Vitamin D on a plant-based diet
When our exposure to sunlight decreases so does our vitamin D levels. Whilst you can get most of the nutrients you need all year round from plant foods, vitamin D is different.
Vitamin D is a hormone (yes a hormone!) produced from cholesterol when exposed to the sun, which is why it's known as the sunshine vitamin. However, our modern lifestyles mean that many of us struggle to get enough particularly during the winter months which is when we have to turn to fortified foods and supplements.
Functions of Vitamin D:
Enables the body to increase calcium absorption when needed
Maintains blood levels of calcium and phosphorus
Helps regulate blood pressure and insulin production
Supports the immune system and brain health
Supports cardiovascular health
Evidence of its benefits continue to accumulate
Guidelines for getting adequate Vitamin D
Sunlight
There are many variables when it comes to sunlight so for now, I will only address Ireland.
From late March to late September we may get all the vitamin D we need from sunlight provided we get sun exposure to the face and forearms between 10 am - 3 pm for 15 minutes (light skin) or 30 minutes (dark skin) without sun cream.
More time/skin exposure may be required for the elderly and those overweight.
To determine if you're getting enough vitamin D during these months arrange to have your vitamin D level tested.
Supplements
We have what's called a vitamin D winter here which means from late September to late March we do not get enough exposure to sunlight. During this time and if vitamin D levels are low all year round we rely on fortified foods and a supplement.
In Ireland, it's recommended that a minimum of 10ug (400 IU) be taken during the wintertime (800-1000IU/day for most at-risk groups).
However, recommended intakes for vitamin D are a subject of debate as many experts suggest 1,000 - 2000IU per day for optimal health. The tolerable upper intake level for vitamin D is 4000IU without medical supervision.
Food sources
Few foods, animal or plant, contain vitamin D.
Mushrooms exposed to UVB rays contain a compound that can be converted to vitamin D2.

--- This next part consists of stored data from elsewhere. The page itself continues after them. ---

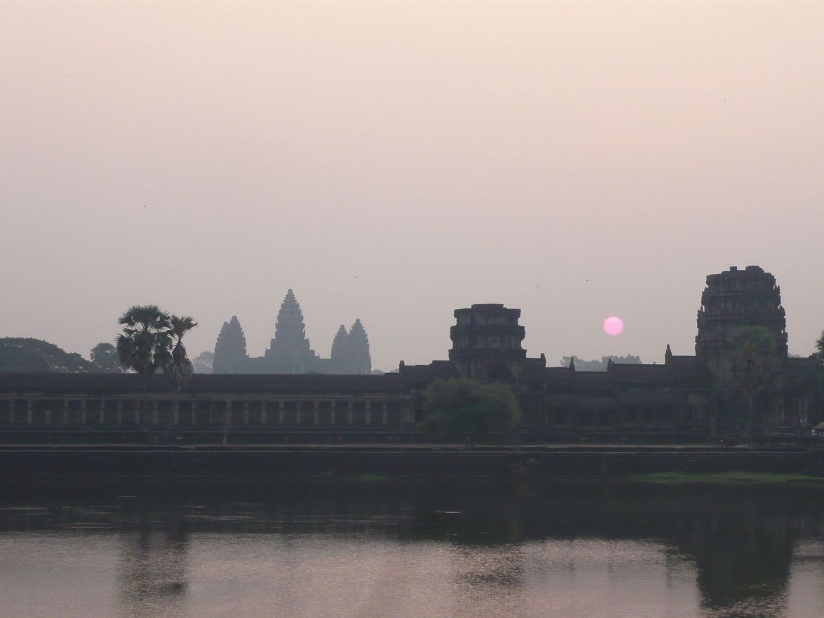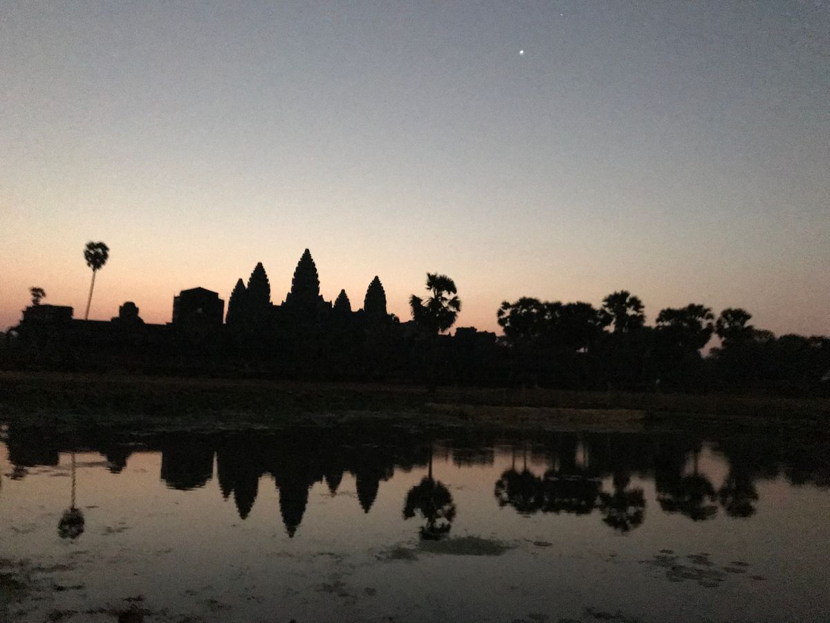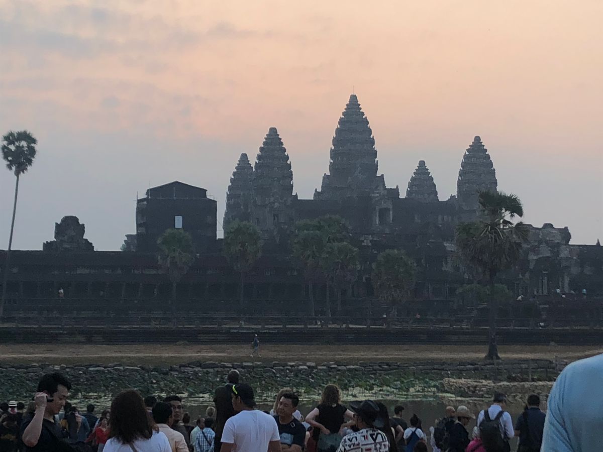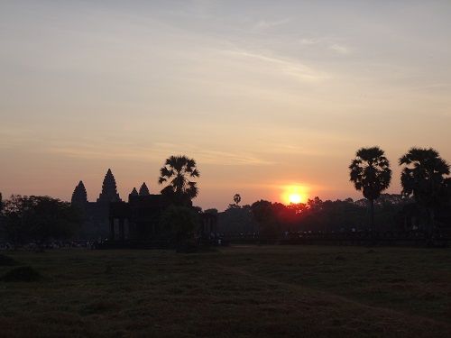 あと、ぜひ情報提供させていただきたいのですが、アンコールワットの朝日観賞は、西参道、堀の手前からの観賞となりますので、聖池の手前からの観賞を期待している方は別のツアーの方が良いと思います。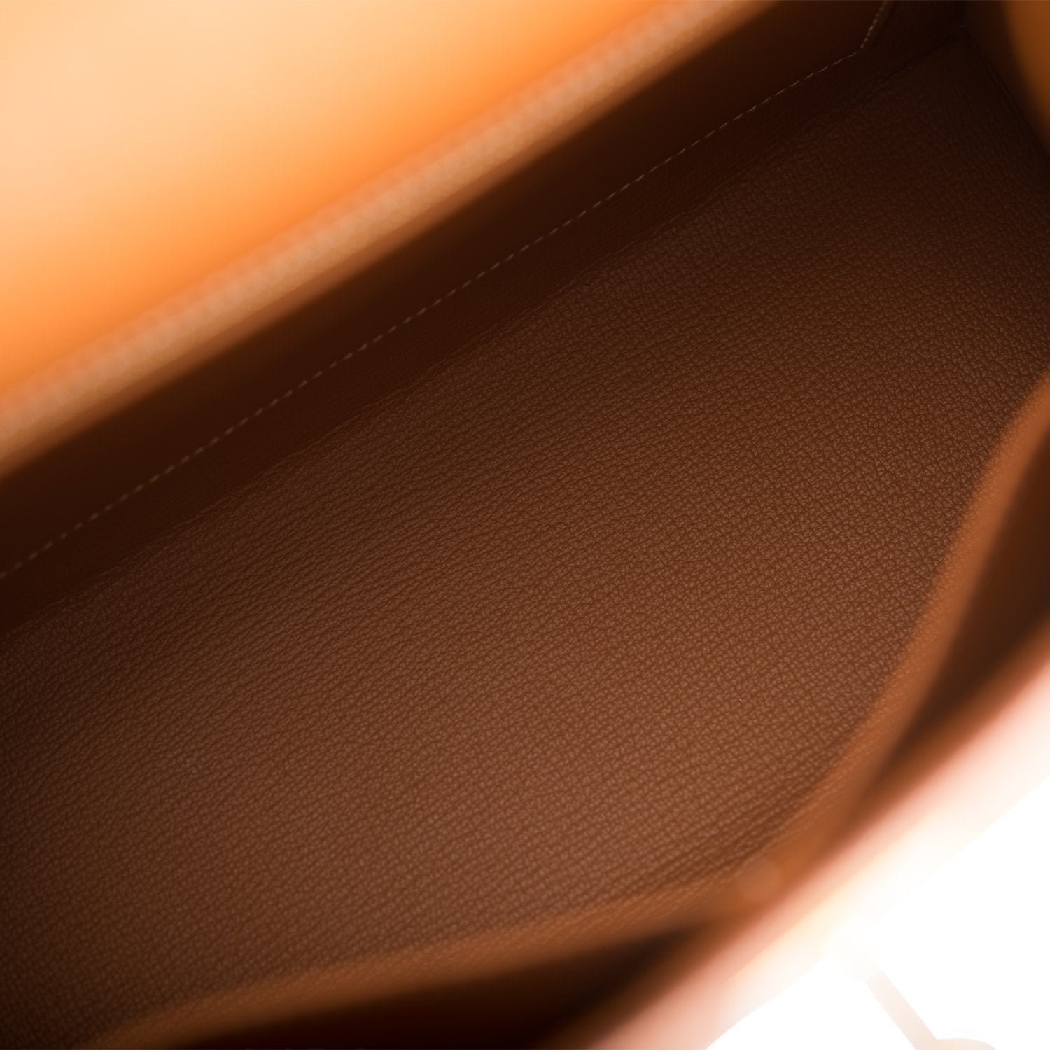The interior is lined with gold chevre leather and has one zip pocket with an Hermes engraved pull and two open pockets on the opposite side.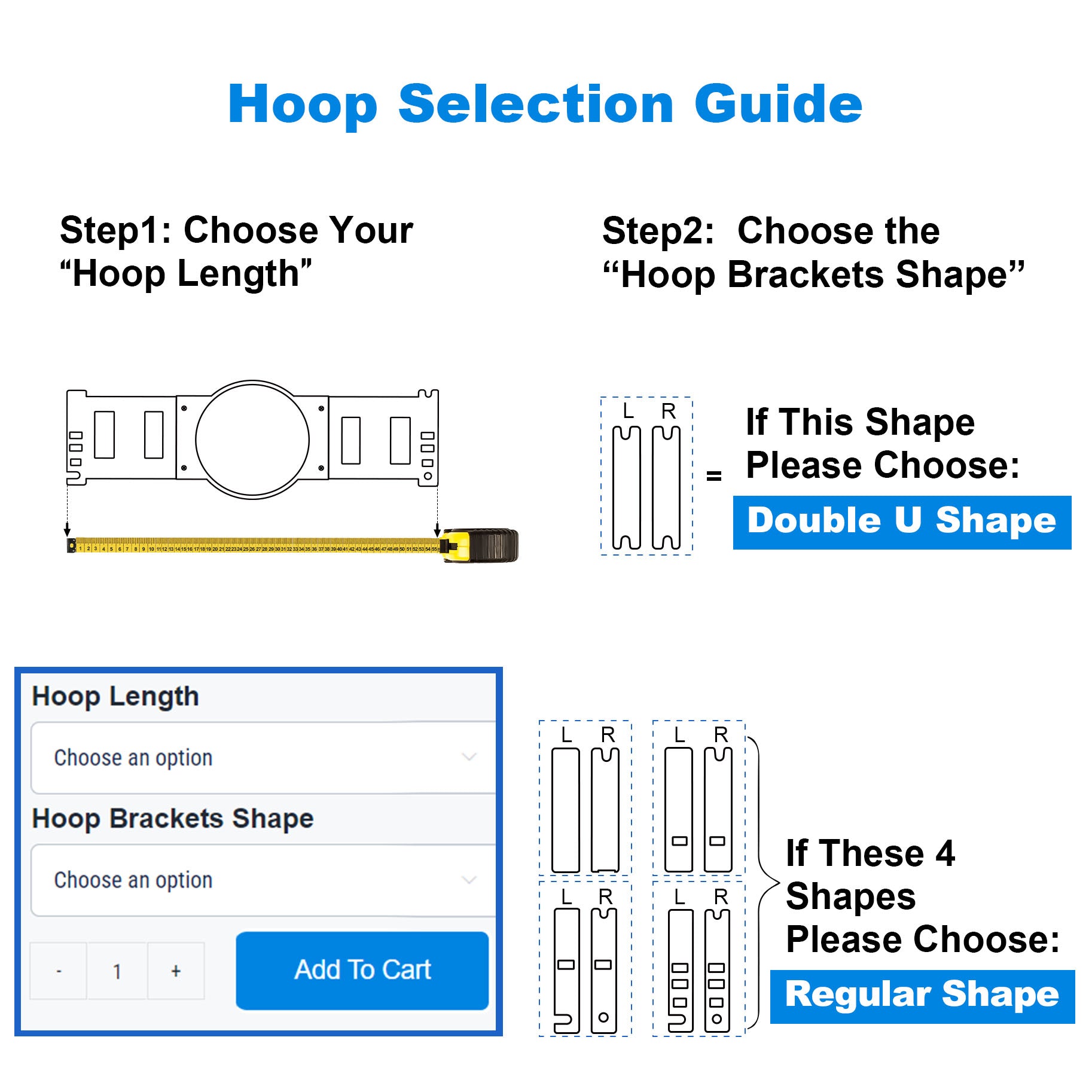 A1: La longitud del bastidor se refiere a la longitud desde el soporte izquierdo hasta el soporte derecho del bastidor estándar (bastidor de plástico) que viene con su máquina. Simplemente mida el bastidor estándar de la máquina para obtener la longitud del bastidor (las fotos son de referencia).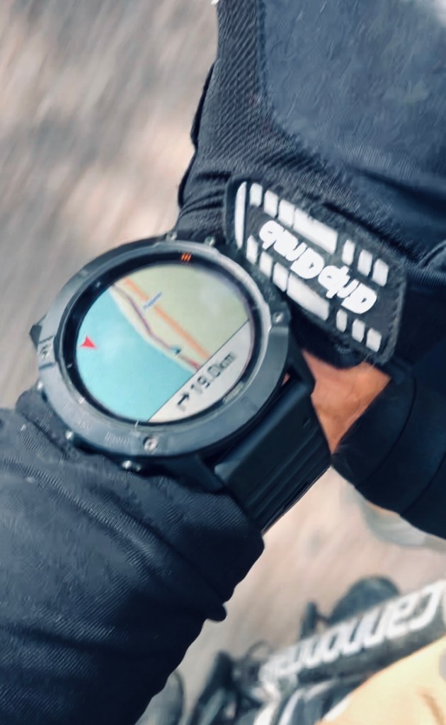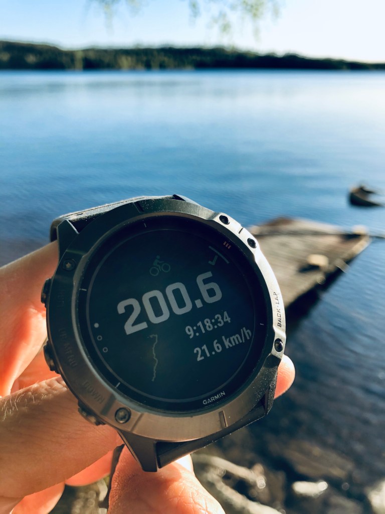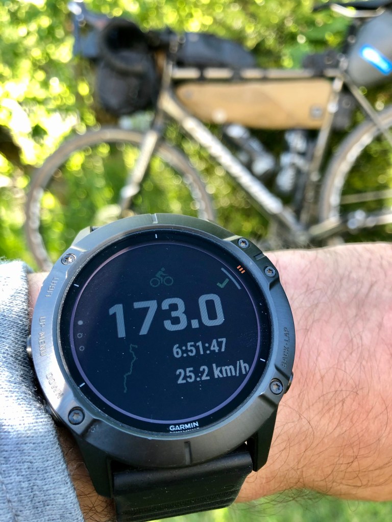 Navigoinnista ja retken tallentamisesta huolehti loistava Garmin fēnix 6X Pro Solar. En yleensä pyöräillessä pidä kelloa ranteessa, mutta tällä kertaa tanko oli jo täynnä laukkujen kiinnikkeitä, joten siellä ei enää ollut tilaa kellolle. Lisäksi kaupoissa käyntejä varten olisi aina joutunut irrotella kelloa pyörästä. Oli siis helpompaa pitää sitä ranteessa. Kartan seuraaminen on vähän haastavaa kun kello on ranteessa, mutta onneksi Garmin piippaa tai tärisee jos tulee käännös. Kello otti myös sykkeet ranteesta, joka karsi ahdistavan sykevyön.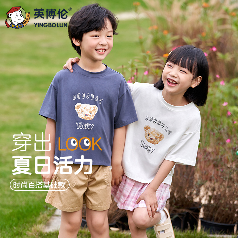 【断码清仓】英博伦童装儿童短袖男童夏上衣女童纯棉T恤春夏季薄

There's a growing number of fortified plant-based foods including plant milk, cereals, and juices however if you don't eat enough of these each day, you should take a supplement.
NOTES:
For vegans - vitamin D2 is found in plants whilst vitamin D3 has traditionally come from animal sources (such as animal hides and wool). When looking for supplements, ensure they are vegan friendly (a google search will help).
Studies comparing D2 & D3 showed both are effective at maintaining serum levels of vitamin D in adults.